There may be indications and reasons to suspect, but the standard for jailing someone is proof. Where memory is involved, there can never be proof. At least not with today's technology.

The standard for jailing someone is proof beyond reasonable doubt - not absolute proof. I presume that there was sufficient evidence for the judge to conclude, beyond reasonable doubt, that Wilson was lying. If not, I hope he will appeal and be vindicated - but we haven't seen any of the evidence so we don't know.

I would say that courts deal with lots of people who say they "can't remember" or "don't know" something, and have to decide whether they are telling the truth or not - whether that's people who can't remember where they were when a crime took place, or who don't know where some money went, or a million other possibilities. It's a difficult question, but it's an inevitable one for a criminal court to grapple with and they have plenty of experience doing so.

Comment: Re:Could Not Do It (Score 1) 353

by Kijori (#47427145) Attached to: UK Computing Student Jailed After Failing To Hand Over Crypto Keys

Or that he appreciated that people could forget passwords, but didn't believe the defendant in this case. We don't know on what the judge based his decision - the journalists declined to report that minor fact - but we do know that the judge had a lot more evidence on which to come to a conclusion (including, unless he chose not to appear, hearing the defendant's explanation from his own mouth) and it may be that having heard that evidence he was sure the defendant was lying.

Comment: Re:National security (Score 1) 353

by Kijori (#47426887) Attached to: UK Computing Student Jailed After Failing To Hand Over Crypto Keys

It's regrettable that the journalists present chose not to report the judge's actual explanation of the orders he was making instead of just a few quotes taken out of context - which makes it impossible to know whether the finding was reasonable or not. (In England, while almost all higher court judgments are transcribed at public expense and put online, Crown Court hearings are not.)

Comment: Re:What if he forgot it? (Score 1) 353

by Kijori (#47426717) Attached to: UK Computing Student Jailed After Failing To Hand Over Crypto Keys

It doesn't matter. In the UK, you face jail time for not turning over passwords... even if you can prove you never had them. If the cops think that a photo has steganographically hidden data, you must produce the decryption key, or face jail time. If some anonymous so and so sends you a floppy disk, or USB stick, you must produce the decryption keys to any files on it.

This is completely false. I have set out an overview of the process of proving that someone has the decryption key here.

Comment: Re:Seems appropriate (Score 1) 353

by Kijori (#47426653) Attached to: UK Computing Student Jailed After Failing To Hand Over Crypto Keys

Real question...what happens if somebody legitimately forgets their password? If they're paranoid (or realistic) enough to use AES to begin with, they're likely going to have a good strong password.
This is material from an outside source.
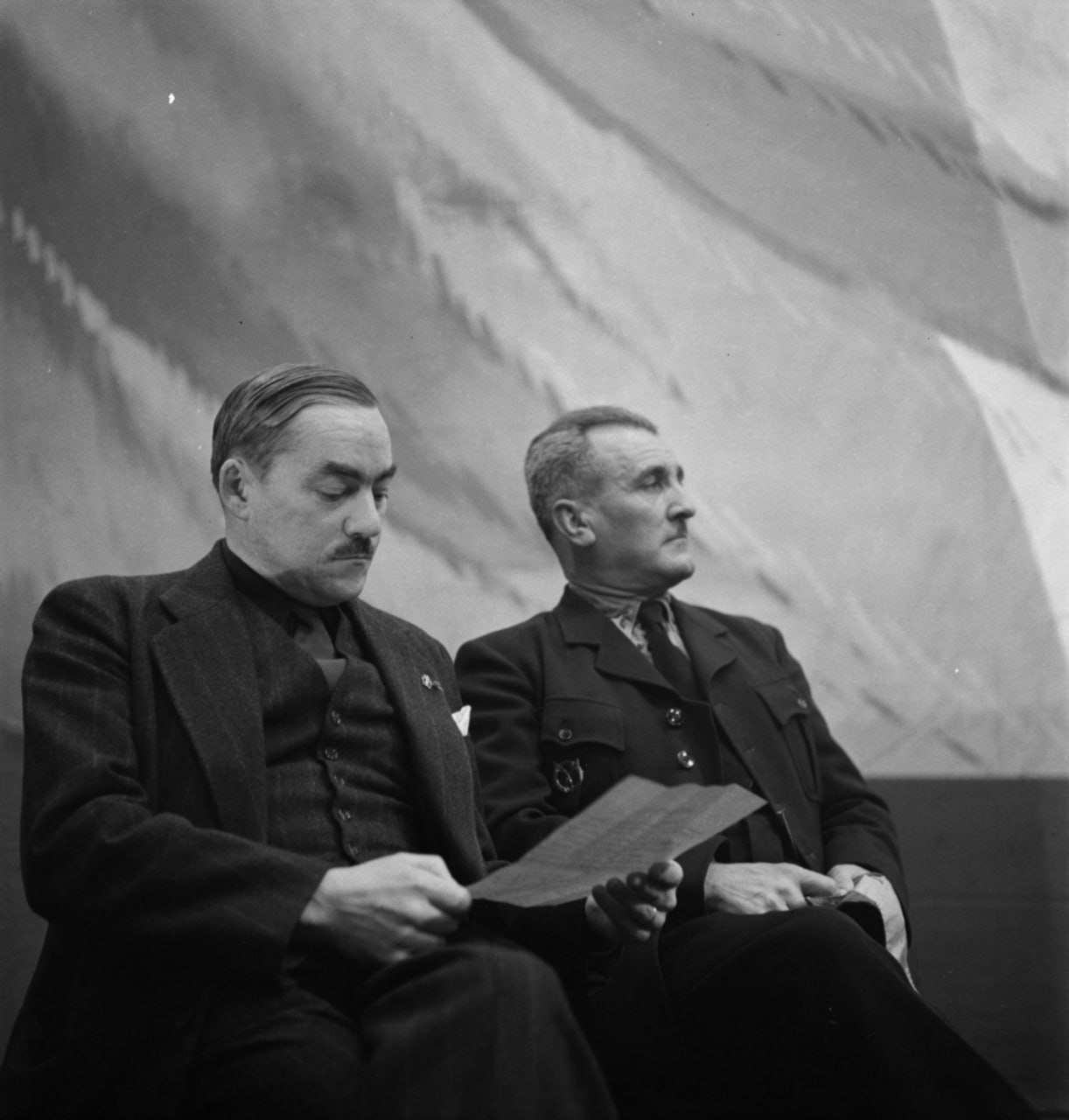 M. Marcel Déat monte ensuite à la tribune. « Notre continent, déclare le chef du R.N.P., est coincé entre deux impérialismes différents, celui du bloc capitaliste anglo-américain, de plus en plus américain et de moins en moins anglais, et le bolchevisme russe. Celui-ci est, d’ailleurs, le fils de celui-là, avec une nuance mongole. Staline veut l’Europe et, quand il l’aura bolchevisée, il s’occupera de ses partenaires actuels qui seront bien incapables de lui disputer notre continent et imposera son hégémonie mondiale, si toutefois l’Europe n’était pas capable de se défendre ».

That's a lot of entropy for a human to remember for a number of years, especially if they don't decrypt it very often.

Then you should not be found guilty - I've set out the process that is followed in another comment. (In reality, if it is plausible in the circumstances that you have simply forgotten the password, it is unlikely that it would actually get anywhere near court to begin with.)

We don't know the facts of this case - unfortunately the journalists chose to give us a few selected quotes out of context, rather than a transcript of the judge's entire remarks - but it sounds like the judge may have thought that the claim to have forgotten the password was just the latest in a series of lies that the defendant has told to try to avoid giving up the data. If that is the case, and the defendant has genuinely forgotten his password, that is very unfortunate (although no different to any other trial, in that if you squander your credibility you may find that your truthful remarks are not believed).